Bowlegs Town refers to a Native American settlement on the Suwannee River near present-day Old Town, Florida. It was formed in 1813 by Bolek (Bowlegs) after his brother King Payne was killed during the invasions of the Patriot War and both of their towns in the Alachua savanna had been destroyed. There had been some Muscogee (Creek) settlement in the area prior to this, and it possibly already bore the name "Old Town". However, it grew in prominence after the arrival of the refugees of the Patriot War (Florida), and especially after another wave of refugees arrived following the destruction of Negro Fort in 1816. These Maroons rebuilt their homes, farms, and military structure in an armed village adjacent to Bowlegs' own village. It was a desire to put down this free black resistance, as much as a desire to scatter the Seminole, which drove Andrew Jackson to march on Bowlegs Town in 1818 and destroy it.

The site has been located on the property of rancher Dale Herring, and as recently as 2016 archeological investigations were being made and artifacts uncovered.

== First Seminole War ==
Prior to the outbreak of hostilities, Bowlegs (Bolek) (not to be confused with Billy Bowlegs of the Second and Third Seminole Wars) was apprehensive about the hostile attention which the Maroon resistance was bringing to his part of East Florida, even acquiescing to external pressure to order the return of those fleeing slavery. However, the encouragement of British officers like Edward Nicolls, George Woodbine, and Robert Ambrister with the Corps of Colonial Marines; the continual encroachment of American settlers; and the Red Stick and Maroon victims of that expansion joining his community all served to radicalize him against the Americans. When Prospect Bluff was destroyed and a wave of Maroons struck out to find a place to rebuild their free communities, some went down to the Tampa Bay area (see Angola), but roughly 400 fighters and their families were permitted to settle nearby to Bowleg's Town. There they organized under Bowlegs' chief black advisor Nero, built sturdy log cabins with fenced in gardens, and resumed drilling vigorously under a self-selected corps of officers, determined to have their revenge and defend their freedom once and for all against all comers.

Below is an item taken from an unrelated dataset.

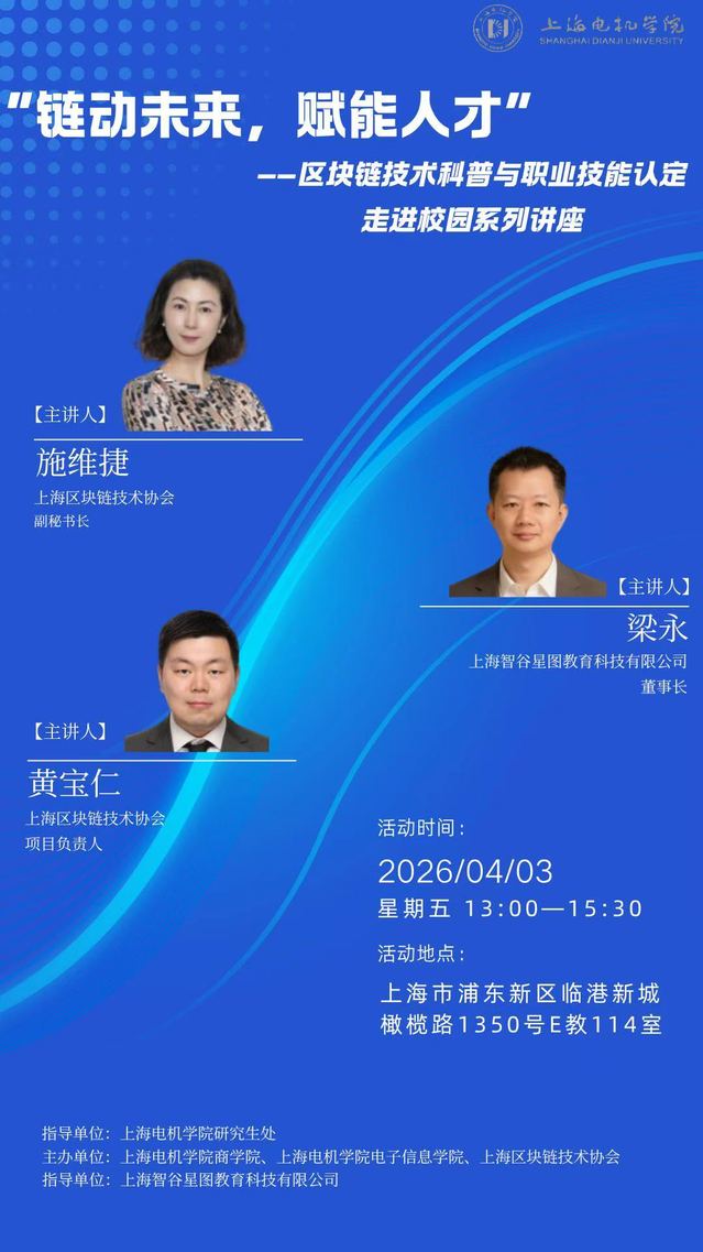 随着区块链技术上升为国家战略,各行业对区块链人才的需求日益迫切。上海区块链技术协会作为行业引领者,致力于推动区块链技术普及与人才培育。上海电机学院商学院积极对接新兴产业,计划通过本次宣讲活动,向学生普及区块链基础知识,介绍区块链应用操作员职业技能认定,架起产调融合的桥梁,为学生未来的就业与发展提供更多机会与选择。

The frontier skirmishes continued through 1817, and Spain refused to relinquish Florida to the U.S. Finally, Jackson was ordered over the border to pacify the region. His primary goals were to scatter the allied Creek, Miccosukee and Seminole from the contested territory, put down the black resistance, and expel the British agents supporting them both. Ever since the War of 1812, Nicolls and his proxies had supported the Maroons and Seminole with supplies, insisted that the Indian lands were to be returned under the Treaty of Ghent (see also Treaty of Nicolls Outpost), and organized ex-slaves as British subjects and equip them to fight for their freedom. This was infuriating to slavers and settlers in the American south. Abolitionist British adventures were seen as inciting a race war where there should have been easy domination. Hatred of Nicolls and Woodbine, and later Arbuthnot and Ambrister, was a powerful force motivating the Americans to War.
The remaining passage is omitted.